Тут надо вспомнить не только восклицание Моцарта в одном из его писем, где он хочет сбросить с себя всякое обвинение в легкомысленности: Моцарт влюблен, на пути его уже встают две сестры Вебер, которым суждено войти в его биографию; отец против ранней женитьбы сына («никаких жен!»), против всяких соблазнов, которых множество на пути сына, против возможности его сбиться с дороги под влиянием окружающих, — и Моцарт, защищаясь, восклицает: «Я не Брунетти и не Мысливечек!» — ставя на одну доску известного зальцбургского скрипача Брунетти, славившегося своим распутством, и Мысливечка (письмо от 22 февраля 1778 года). Не столько это восклицание, хотя и оно жестоко, имею я в виду. Есть строки, которым пора, не считаясь ни с каким культом Моцарта, вернуть их подлинное звучание.

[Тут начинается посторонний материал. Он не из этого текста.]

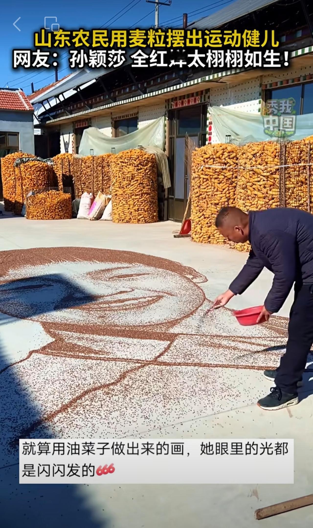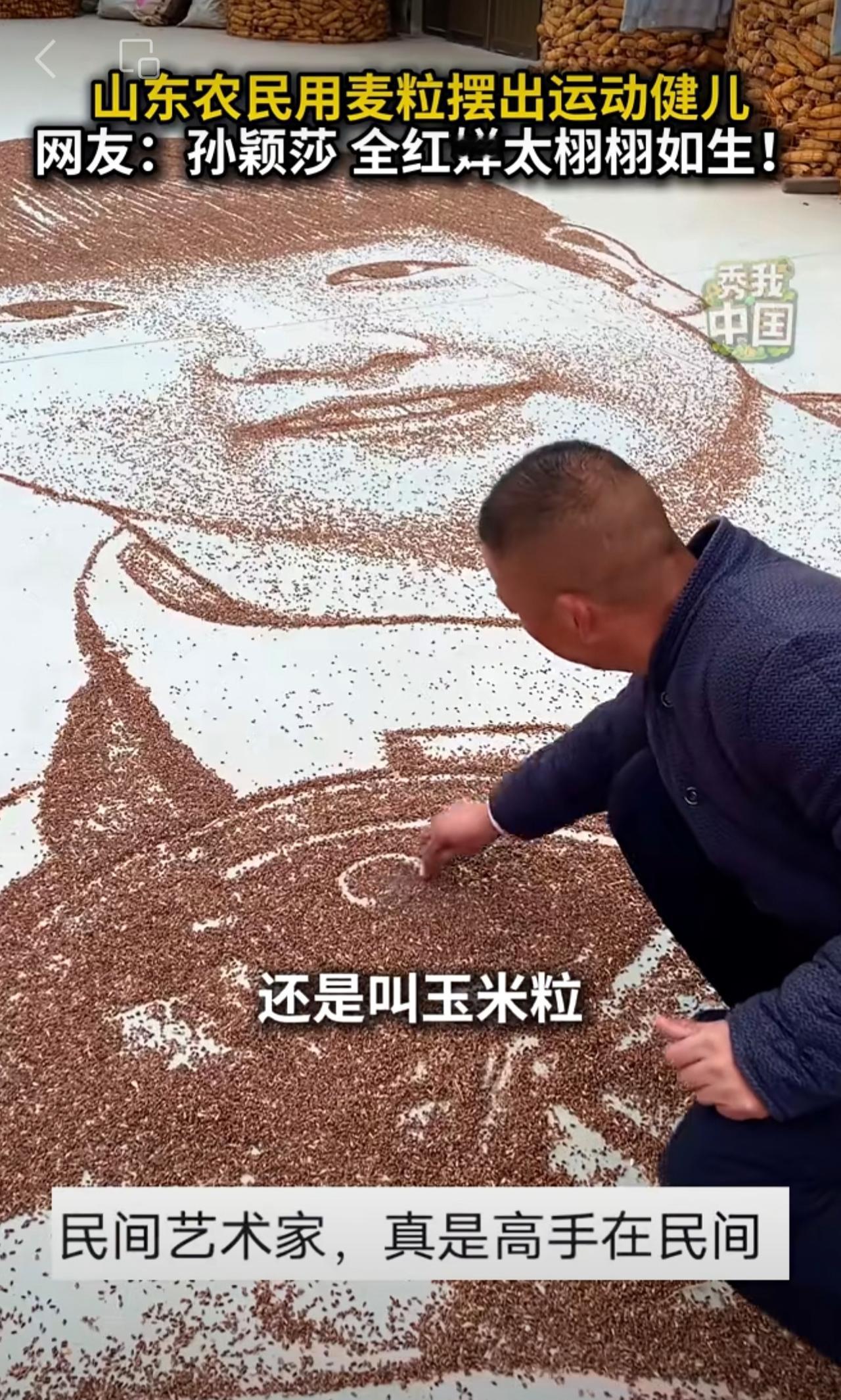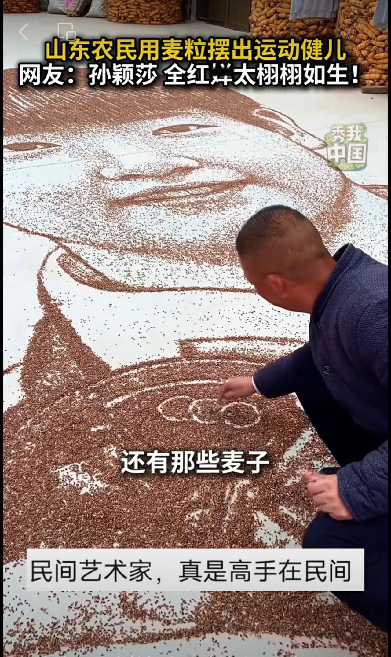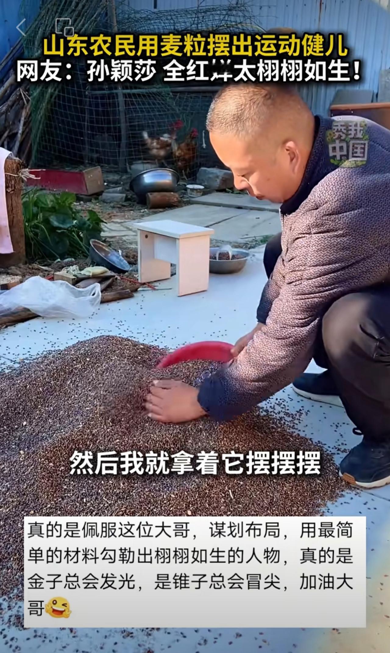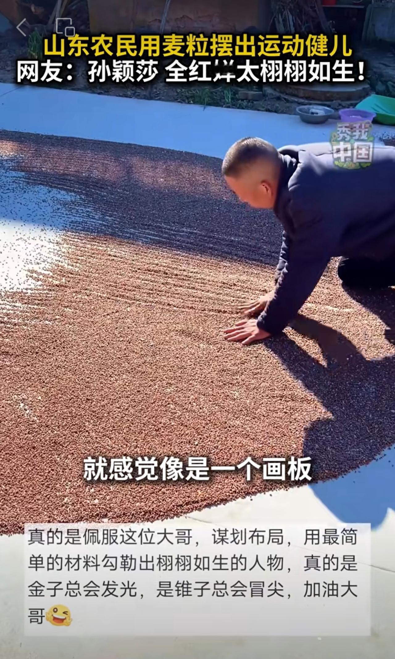 山东农民用麦粒摆出运动健儿,网友:孙颖莎、全红婵也太栩栩如生!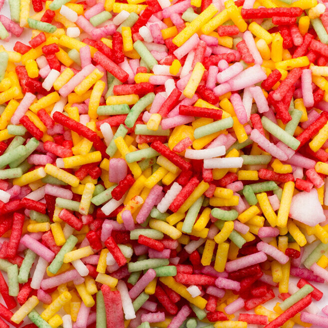 Ingrédients: sucre, concentré de produits végétaux (radis, citron, groseille, carthame, betterave), huile de coco, eau, concentré d'algues (spiruline), sirop de glucose, colorant [E-100] et agent d'enrobage [E-901].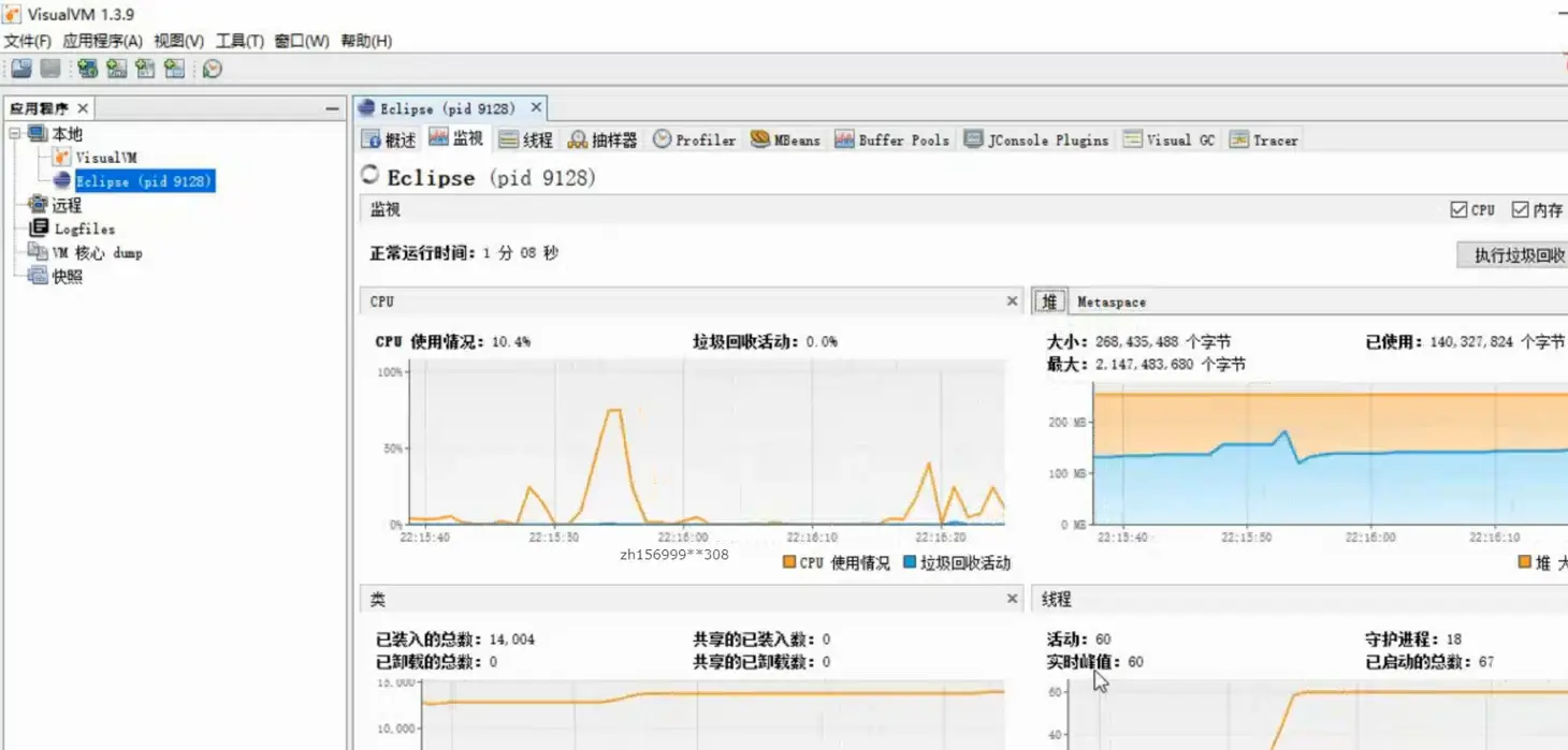 2.监视应用程序的CPU,GC,堆,方法区,以及县城信息(jstack,jstat)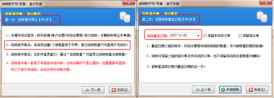 點(diǎn)擊“結(jié)轉(zhuǎn)新開賬”會彈出結(jié)轉(zhuǎn)新開賬界面,分成兩步操作,第一步:結(jié)轉(zhuǎn)操作提示;第二步:設(shè)置結(jié)轉(zhuǎn)截止日期。如下圖2所示: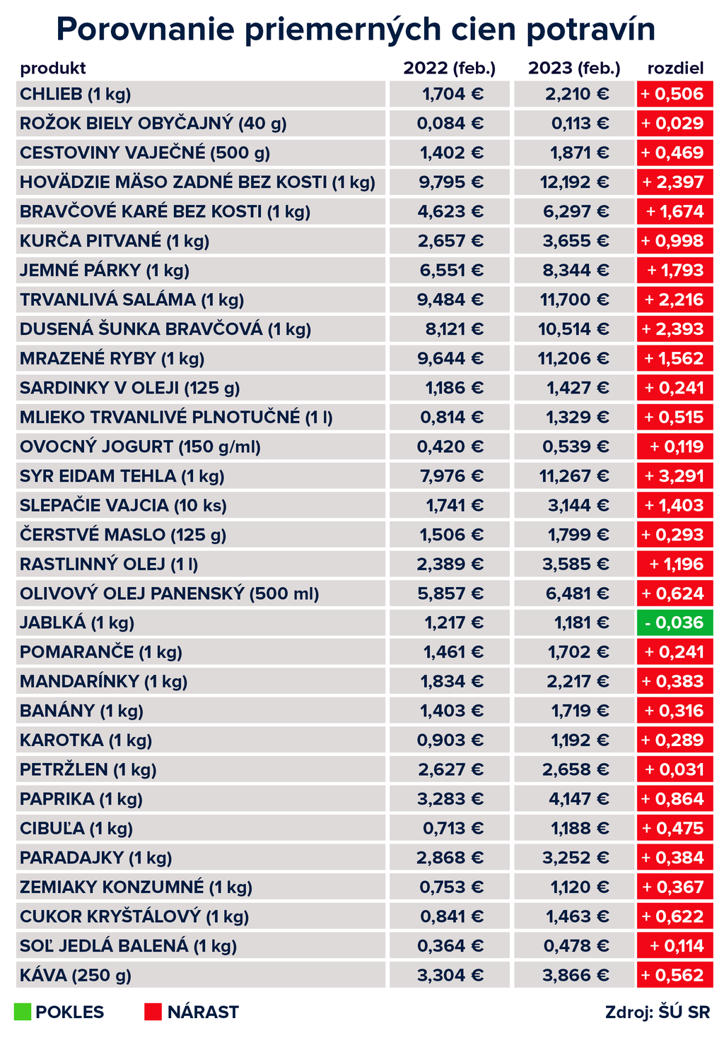 Zákazníci v obchodoch platia výrazne viac v podstate za všetky kategórie potravín. Najviac za mlieko, syry a vajcia (37,1 %), oleje a tuky (32,5 %) a mäso (29,5 %). Nezaostáva ani pečivo či zelenina (25,6 %).
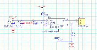 图一是我的原理图,5V供电,采样电阻给的0.5,J1接的是LED灯;(PCB板TL4242未开窗,不知道这个会不会影响,但是我实测了TL4242温度在150以下)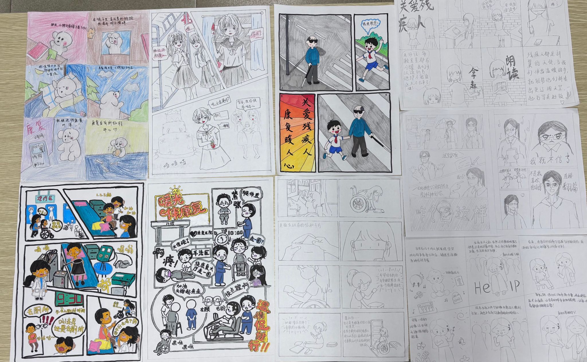 活动期间,同学们热情投入创作,有的漫画描绘了志愿者俯身帮轮椅上的患者调整靠背的温馨场景;有的定格志愿者搀扶残疾人慢慢迈步的温暖画面,传递出陪伴的温情;还有作品描绘康复治疗师指导残疾人做康复训练的场景,展现出坚持的力量。这些漫画作品,犹如一颗颗璀璨的星辰,不仅闪耀着独特的创意光芒,更承载着同学们对康复精神的深刻思考与感悟。每一幅作品,都是对残疾人尊严的崇高致敬,是对生命顽强不屈精神的真挚诠释,它们如同一股股暖流,流淌在同学们的心间,唤起康复学子对残疾人群体的关注与关爱。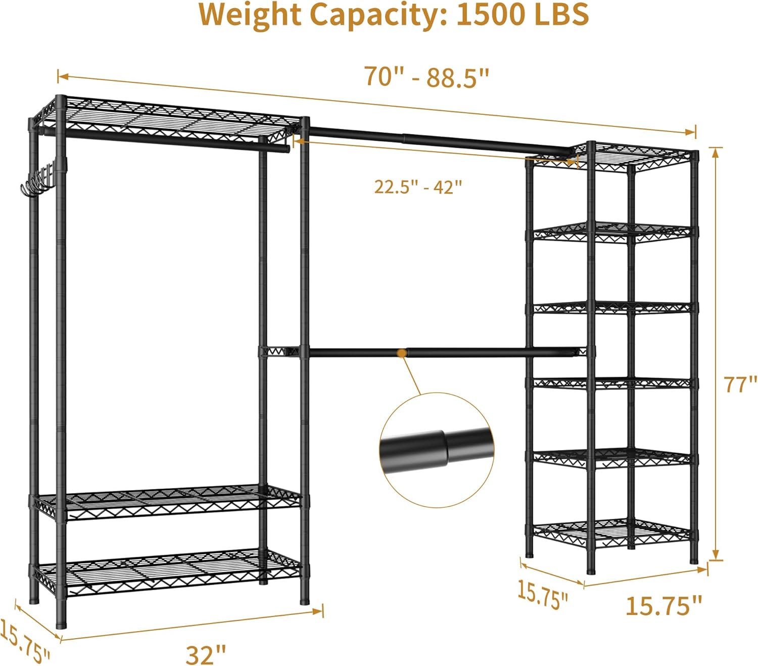 - Expandable Clothing Rack: Effortlessly customize your storage space with 2 extendable hanging rods, allowing the heavy-duty rack to adapt from 70 to 88.5 inches. Overall dimensions: 15.75"Dx(70"-88.5")Wx76.37"H, ensuring a perfect fit for diverse space dimensions

Проходит меньше чем десять месяцев с того дня, как произошло рассказанное мной свидание в мюнхенском госпитале. Всего девять с чем-то месяцев назад Моцарт был охвачен поистине божественным состраданием, он дрожал, не мог связать слов, не мог спать и есть, потрясенный несчастьем своего собрата-музыканта. Моцарт уже не в Мюнхене, он — в Париже. Старый приятель их семьи, Булинджер, пишет ему из Мюнхена, жалуясь на нехватку музыкантов. И Моцарт отвечает ему письмом от 7 августа 1778 года; цитату из этого письма облюбовали биографы Мысливечка; ее можно встретить в словарях; но приводится она облыжно — или в сокращении, или в другом музыкальном ключе. Моцарт пишет:

«Зачем же были так неосторожны и дали улетучиться Мысливечку? А находился под рукой! То-то был бы кусочек! Такого не так-то легко заполучить сызнова, — прямо свеженьким из герцогской Клементинской консерватории! Вот был бы человек, который ужас навел бы на всю придворную музыку одним своим присутствием». Моцарт иронизирует. В его иронии — отзвук леопольдовского «какую фигуру представлял бы он там в театре без носа?». Я перевела точно не только слова, но и весь тон, их пронизывающий. А чтоб показать, какой поворот можно придать любой цитате, книжной и газетной, приведу здесь и то, как везде и всюду это место цитируют; «Зачем же были так неосторожны и упустили Мысливечка, бывшего в Мюнхене? Такого другого музыканта не так-то легко найти снова!»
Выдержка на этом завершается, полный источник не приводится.